Suppose I'm running a race and the runners are in one of two categories (youth and adult). I've got their time (in seconds) and category, and would like to let each runner know what order they finished in for their category. The raw data looks like this:

     finish_time | category 
    -------------+----------
             339 | adult
             366 | adult
             372 | adult
             384 | adult
             407 | adult
             412 | adult
             414 | adult
             447 | adult
             484 | adult
             315 | youth
             321 | youth
             362 | youth
             363 | youth
             366 | youth
             430 | youth
             449 | youth
             467 | youth
             476 | youth
             485 | youth
             485 | youth

As you guessed, we'll be using window functions. We will use the rank() function to get an absolute ranking:

query = (Times
         .select(
             Times.finish_time,
             Times.category,
             fn.rank().over(
                 partition_by=[Times.category],
                 order_by=[Times.finish_time]).alias('place'))
         .order_by(Times.category, SQL('place')))
for ft, cat, place in query.tuples():
    print ft, cat, place

This prints the following table. Note that two runners in the youth category had the same time (485) -- both runners are given 10th place:

     finish_time | category | place 
    -------------+----------+-------
             339 | adult    |     1
             366 | adult    |     2
             372 | adult    |     3
             384 | adult    |     4
             407 | adult    |     5
             412 | adult    |     6
             414 | adult    |     7
             447 | adult    |     8
             484 | adult    |     9
             315 | youth    |     1
             321 | youth    |     2
             362 | youth    |     3
             363 | youth    |     4
             366 | youth    |     5
             430 | youth    |     6
             449 | youth    |     7
             467 | youth    |     8
             476 | youth    |     9
             485 | youth    |    10
             485 | youth    |    10

What if we wanted to know how much each runner trailed the runner ahead of them? That is, we want the gaps in each finish time. For this we can use the lag function, which returns us a value from a preceding row. We will then subtract the previous runner's time from the current time to get the difference:

window = fn.lag(Times.finish_time).over(
    partition_by=[Times.category],
    order_by=[Times.finish_time])
query = (Times
         .select(
             Times.finish_time,
             Times.category,
             (Times.finish_time - window).alias('time_diff'))
         .order_by(Times.category, Times.finish_time))
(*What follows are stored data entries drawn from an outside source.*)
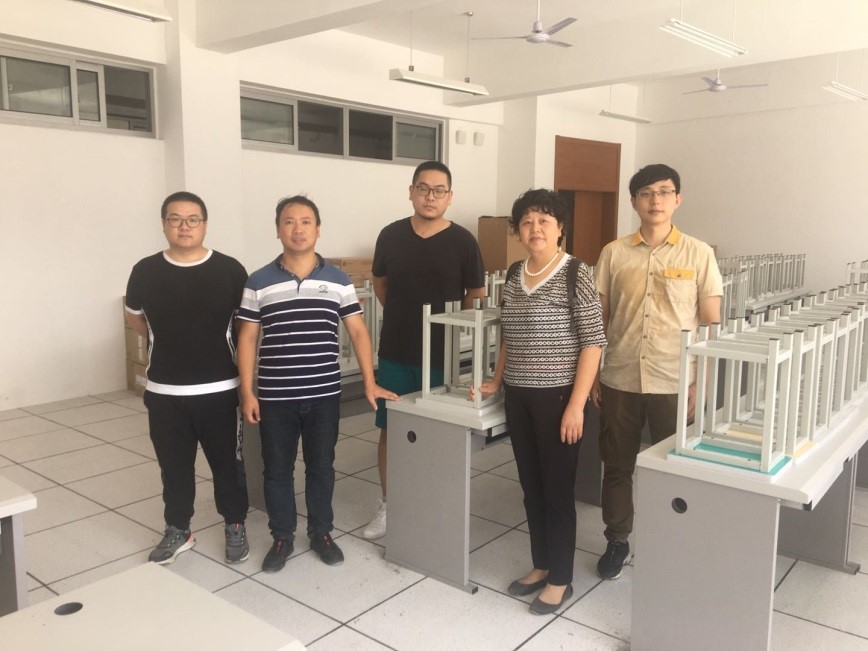 为了实现一校两区建设目标,为新学期教学精准服务,分院在进行老校区实训室检修基础上,于821日上午,国际商贸学院院长成荣芬、副院长陈碎雷带队考察新校区语音室建设情况(根据工贸学院整体教学规划,2020年起国际商贸学院将承担全校公共外语教学任务。为保障新形势下的外语实训教学需求,国贸学院在新校区将新建设两个共128个工位的语音室。)。821日上午,国际商贸学院实训教学管理团队一行五人先来到位于资讯大楼的语音室,成院长仔细询问了工程计划,实地检查了先期完工的地板、桌椅等用料、施工质量,表示一定要保质保量完成语音室建设,为学院在一校两区新形势下的实训教学提供有力保障。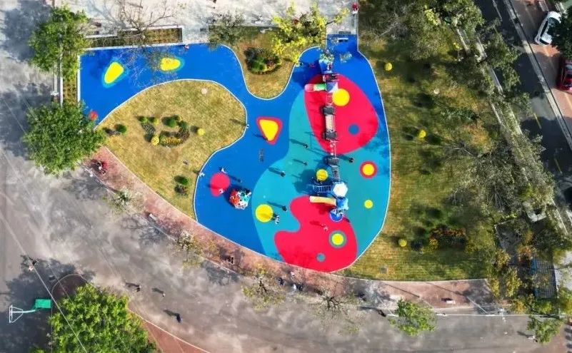 小公园里绿意盎然,高大乔木和低矮灌木错落有致,阳光草坪上点缀着各式妍丽的花卉,可谓一步一景。儿童游乐区则从原来的冷色调变为暖色调,大面积弧形元素设计和彩色地面的加入,提升了区域阳光、动感、活力的感觉,为体育公园A区增添了一抹亮色。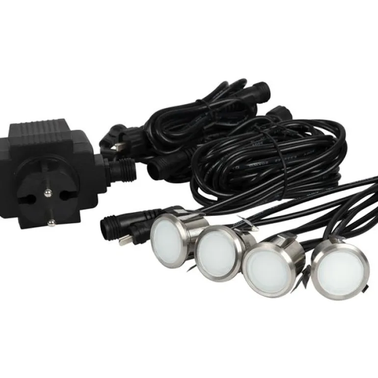 Sarja koristeellisia valaisimia, jotka kuluttavat vähän sähköä ja tuottavat terassille energiatehokkaan valaistuksen. Luomalla ulkovalaistuksella hauskoja tehosteita lisäät myös turvallisuutta talon ympärillä. Mukana 2 kpl 0,5m kumikaapelia ruuviliittimillä. Sarjaan sisältyy 4kpl valaisimia, 3 kpl 1 m jatkokaapeleita pikaliittimellä sekä 1 kpl IP44 plug-in-muuntaja 5 m johdolla. Voidaan käyttää yhdessä Spotlight Gardenin kanssa yhteisen kytkentäjärjestelmän ansiosta.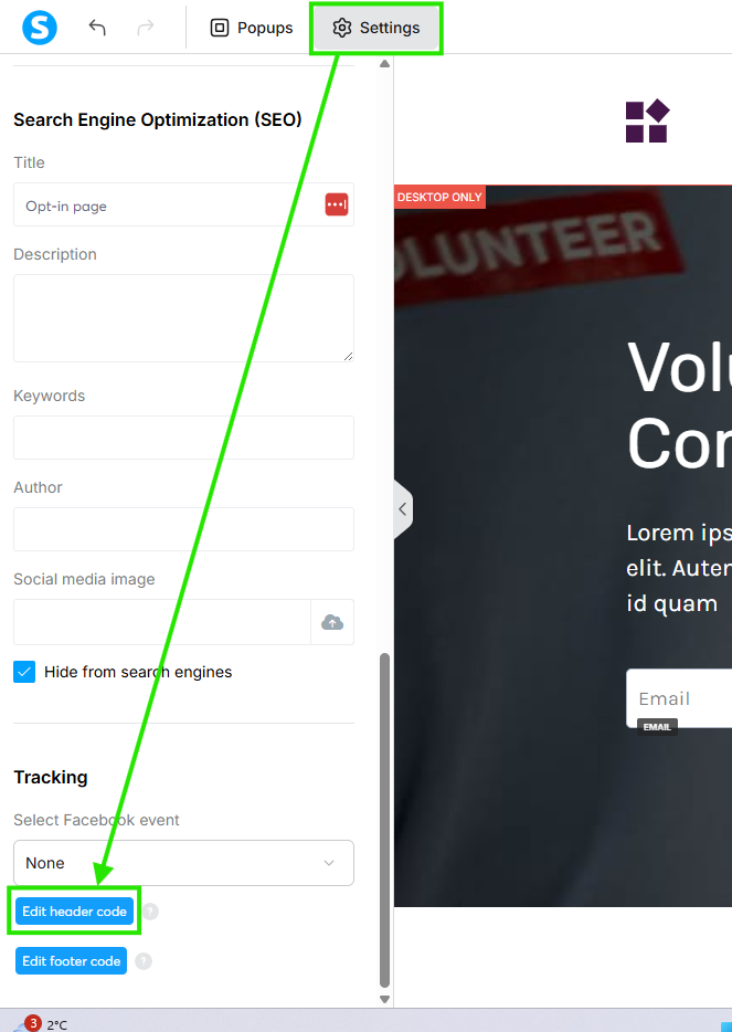 Po wklejeniu skryptu w sekcji Edit header code oraz zapisaniu zmian, Twoja strona w Systeme.io jest w pełni połączona z adsfox.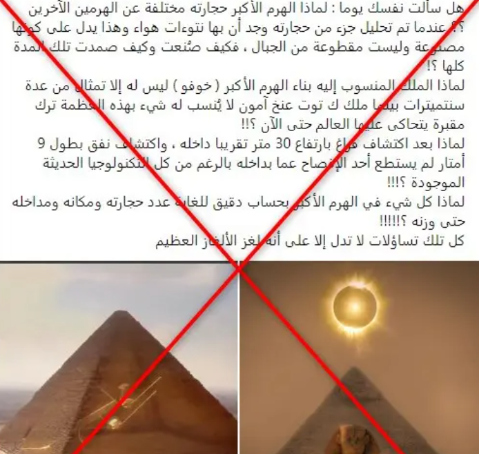 وفي حين لا يزال لغز بناء الأهرامات المصرية القديمة، وخاصة أهرامات الجيزة، من أكثر المواضيع إثارة وإعجاباً لدى الكثيرين حول العالم، تظل الطريقة التي بنيت بها هذه الهياكل الضخمة محاطة بالغموض والتكهنات. هذا الغموض الذي كثيراً ما يستغلّه مستخدمو مواقع التواصل لبثّ معلومات مضللة بهدف جذب التفاعلات.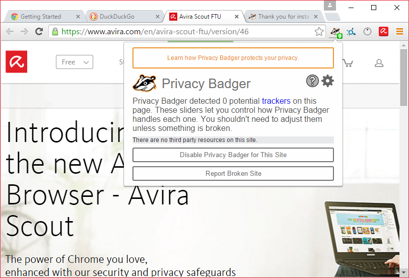 - Интегрированы расширения Privacy Badger и HTTPS Everywhere для автоматической активации защищенного соединения и блокировки трекеров.

This yields the following table. The first-place runner in each category has no value in the time_diff column, since nobody finished before them.

     finish_time | category | time_diff 
    -------------+----------+-----------
             339 | adult    |          
             366 | adult    |        27
             372 | adult    |         6
             384 | adult    |        12
             407 | adult    |        23
             412 | adult    |         5
             414 | adult    |         2
             447 | adult    |        33
             484 | adult    |        37
             315 | youth    |          
             321 | youth    |         6
             362 | youth    |        41
             363 | youth    |         1
             366 | youth    |         3
             430 | youth    |        64
             449 | youth    |        19
             467 | youth    |        18
             476 | youth    |         9
             485 | youth    |         9
             485 | youth    |         0

There are all sorts of special window-specific aggregates in addition to lag and rank. For a comprehensive list, check out the Postgresql docs.

I'm still learning my way around, but so far I've had a fun time experimenting with this feature!

Case statements

Somehow I've managed to scrape by the past few years without really needing to use CASE statements in my queries. Then a couple months ago I had a pretty tricky query I needed to run, and after struggling for a while, I found that by using a CASE statement I could simplify things considerably.

So the setup is: let's say you're Amazon and you are shipping a person's order from several different warehouses, in several different shipments. You want to know when the person's order has been fully shipped or otherwise reached some "final" state. We'll say this could happen when each package's status becomes either "shipped" or "undeliverable".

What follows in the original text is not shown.